+++ Available records +++

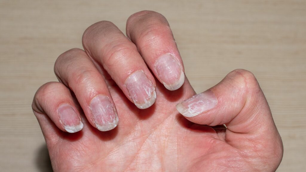 เล็บที่ติดเชื้อจะอ่อนแอ ฉีกหรือแตกหักได้ง่าย
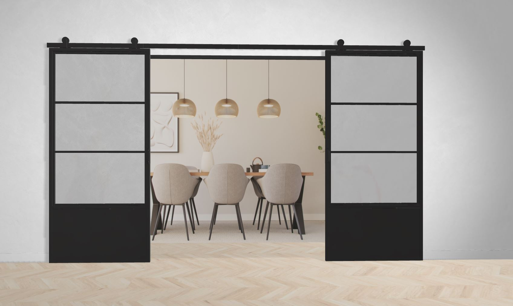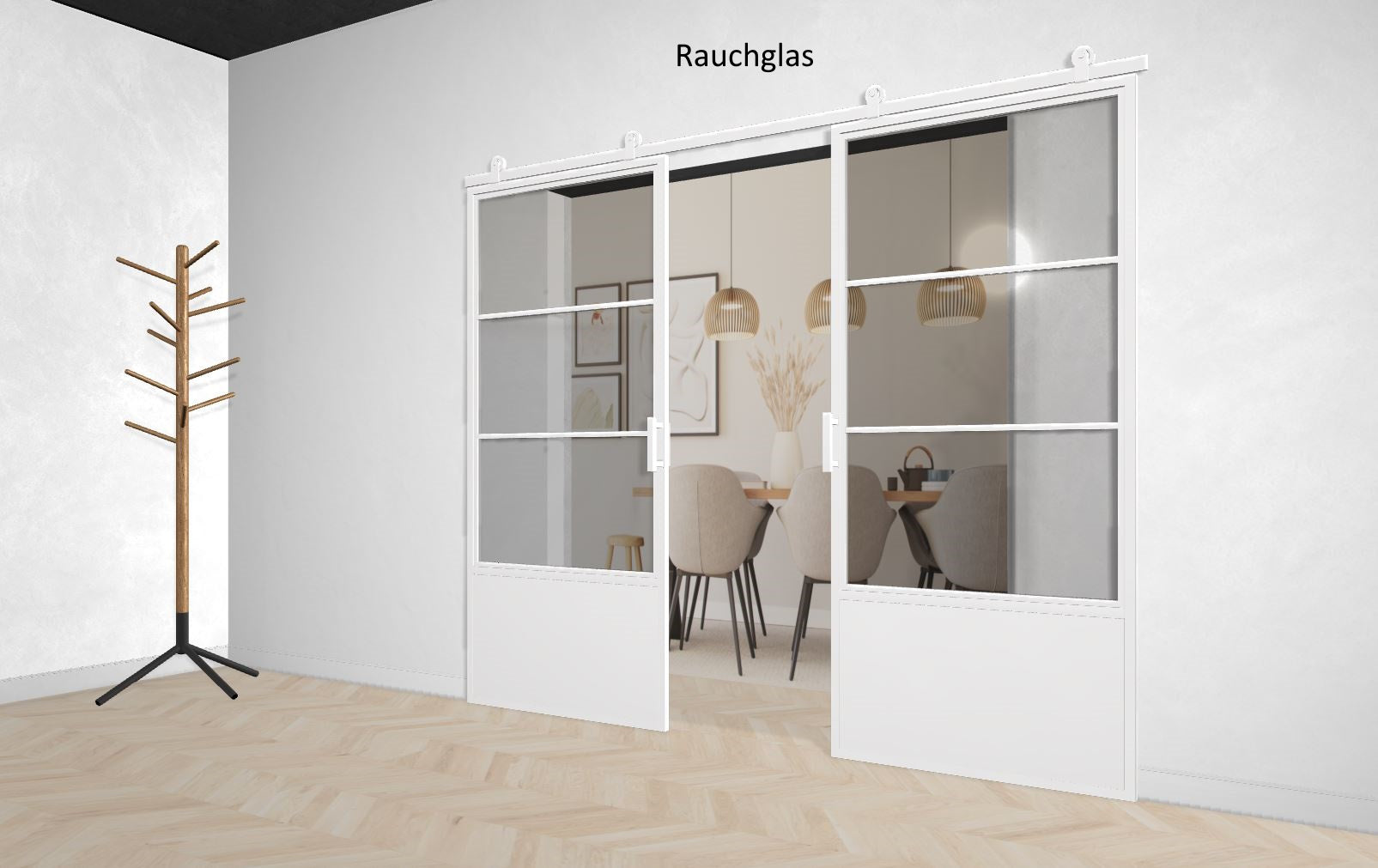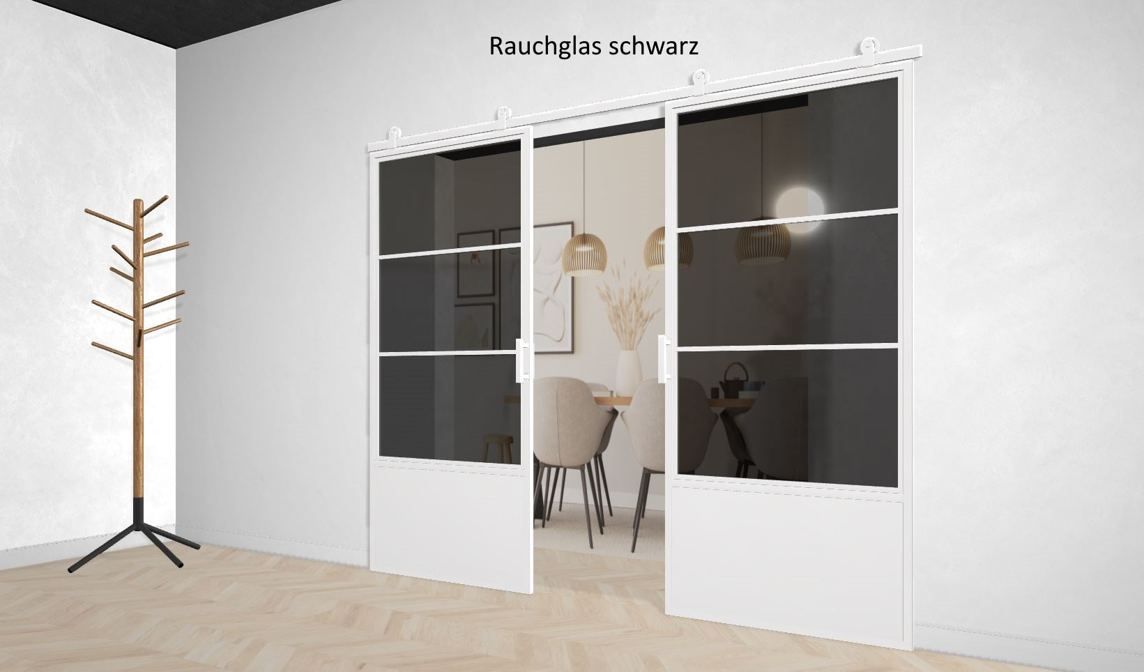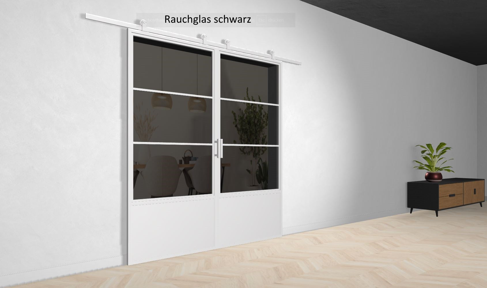 Zu diesem Wert addieren Sie bitte einmalig + 10 cm bei Barn Doors (Holzschiebetüren) und 8cm bei Lofttüren.
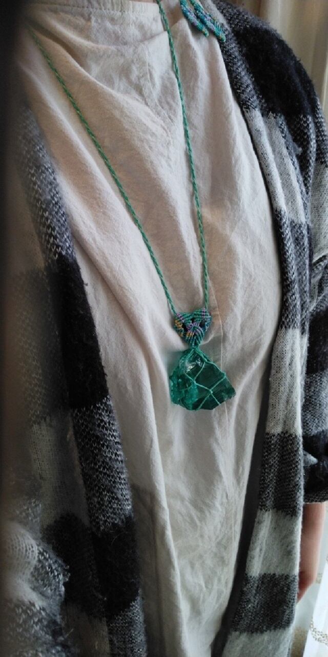 【Rare Color】シェラネバダ産アンダラクリスタル イナンナズ・ウィズダム(オラクルクリア内包) マクラメ編みデザインネックレス 紐長さ約96㎝位まで調節可能
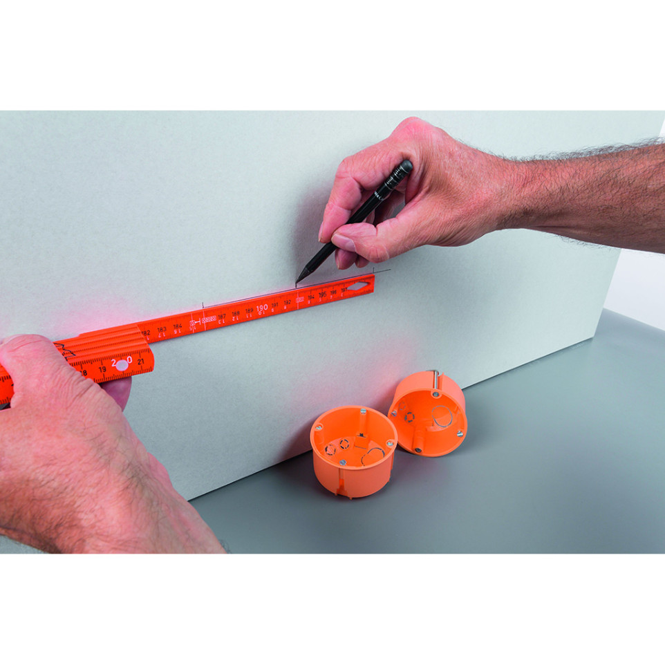 Dépliez le mètre selon la distance à mesurer. Positionnez-le pour marquer l’écartement exact des boîtiers d’encastrement ou pour guider l’introduction des câbles. Idéal pour les passages dans les murs, il offre fiabilité et rapidité sur tous vos chantiers électriques.
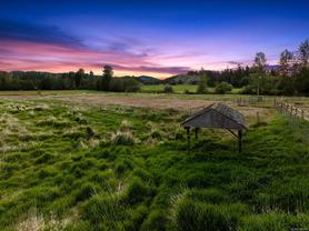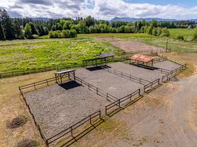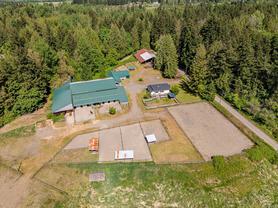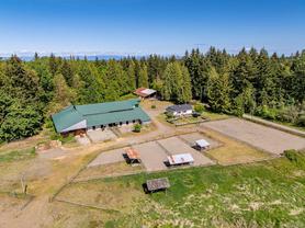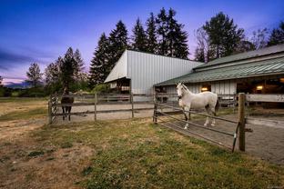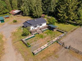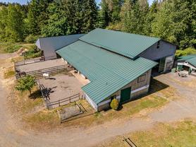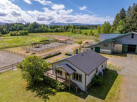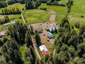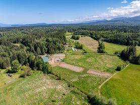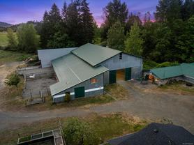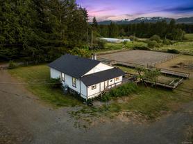 Welcome to your dream rural retreat! This breathtaking 13-acre property offers panoramic mountain views, unforgettable sunsets, and endless possibilities for living, working, and relaxing in one of Vancouver Island's most sought-after regions. Nestled in a tranquil and private setting, this versatile acreage is fully fenced and ready for a variety of uses—whether you're envisioning a productive agricultural operation, an agri-tourism destination, a hobby farm, or simply a serene escape from city life. The charming 2-bedroom farmhouse is full of rustic character and comfort, perfectly positioned to take in the sweeping views of the surrounding mountains and skies. Step outside to explore the impressive infrastructure: over 15,000 sq.ft. of outbuildings, including a substantial indoor riding arena. These facilities offer exceptional flexibility—ideal for equestrian pursuits, large-scale events, heavy equipment storage, dog boarding/agility training, or other creative ventures. Located just minutes from the outdoor recreation haven of the Village of Cumberland and the full services of the City of Courtenay, this property provides the perfect blend of peaceful rural living with convenient access to modern amenities.
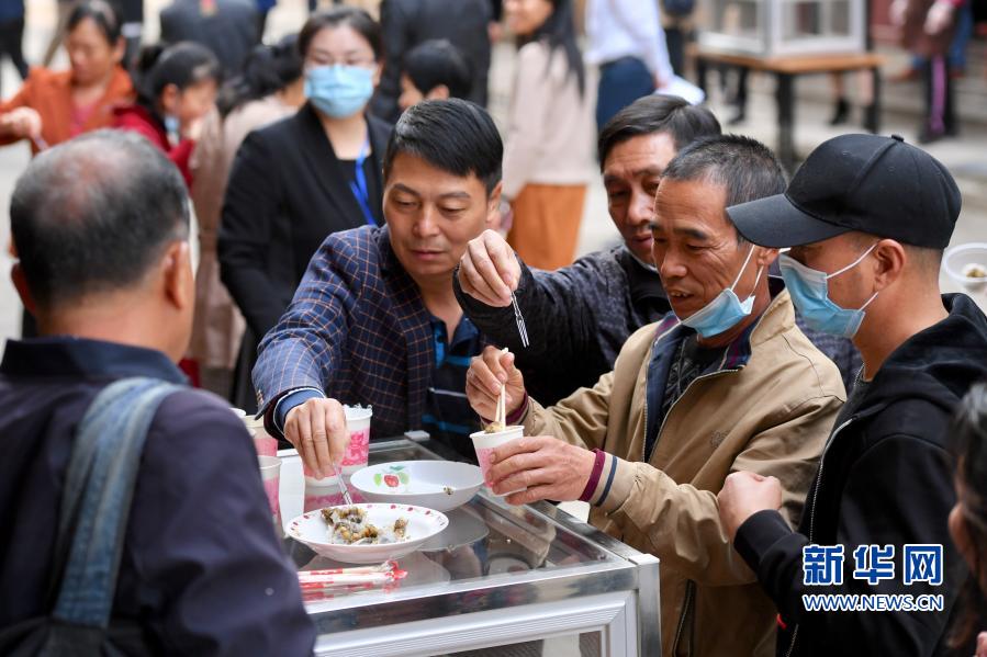 11月23日,游客在俞邦村品嘗美食。新華社記者 姜克紅 攝
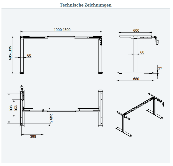 Dit bureau is uitgerust met een hefkolom die uit drie segmenten bestaat, waardoor het eenvoudig verstelbaar is voor een comfortabele werkhoogte. De kolom heeft een doorsnede van 60x90 mm, wat zorgt voor stabiliteit en een robuuste bouw. Het hefbereik van het bureau ligt tussen 695 mm en 1135 mm, waardoor het geschikt is voor verschillende werkposities, van zittend tot staand.

+++

Omitting the images, copy the listing exactly.

Task response:
 เล็บที่ติดเชื้อจะอ่อนแอ ฉีกหรือแตกหักได้ง่าย
 Zu diesem Wert addieren Sie bitte einmalig + 10 cm bei Barn Doors (Holzschiebetüren) und 8cm bei Lofttüren.
 【Rare Color】シェラネバダ産アンダラクリスタル イナンナズ・ウィズダム(オラクルクリア内包) マクラメ編みデザインネックレス 紐長さ約96㎝位まで調節可能
 Dépliez le mètre selon la distance à mesurer. Positionnez-le pour marquer l’écartement exact des boîtiers d’encastrement ou pour guider l’introduction des câbles. Idéal pour les passages dans les murs, il offre fiabilité et rapidité sur tous vos chantiers électriques.
 Welcome to your dream rural retreat! This breathtaking 13-acre property offers panoramic mountain views, unforgettable sunsets, and endless possibilities for living, working, and relaxing in one of Vancouver Island's most sought-after regions. Nestled in a tranquil and private setting, this versatile acreage is fully fenced and ready for a variety of uses—whether you're envisioning a productive agricultural operation, an agri-tourism destination, a hobby farm, or simply a serene escape from city life. The charming 2-bedroom farmhouse is full of rustic character and comfort, perfectly positioned to take in the sweeping views of the surrounding mountains and skies. Step outside to explore the impressive infrastructure: over 15,000 sq.ft. of outbuildings, including a substantial indoor riding arena. These facilities offer exceptional flexibility—ideal for equestrian pursuits, large-scale events, heavy equipment storage, dog boarding/agility training, or other creative ventures. Located just minutes from the outdoor recreation haven of the Village of Cumberland and the full services of the City of Courtenay, this property provides the perfect blend of peaceful rural living with convenient access to modern amenities.
 11月23日,游客在俞邦村品嘗美食。新華社記者 姜克紅 攝
 Dit bureau is uitgerust met een hefkolom die uit drie segmenten bestaat, waardoor het eenvoudig verstelbaar is voor een comfortabele werkhoogte. De kolom heeft een doorsnede van 60x90 mm, wat zorgt voor stabiliteit en een robuuste bouw. Het hefbereik van het bureau ligt tussen 695 mm en 1135 mm, waardoor het geschikt is voor verschillende werkposities, van zittend tot staand.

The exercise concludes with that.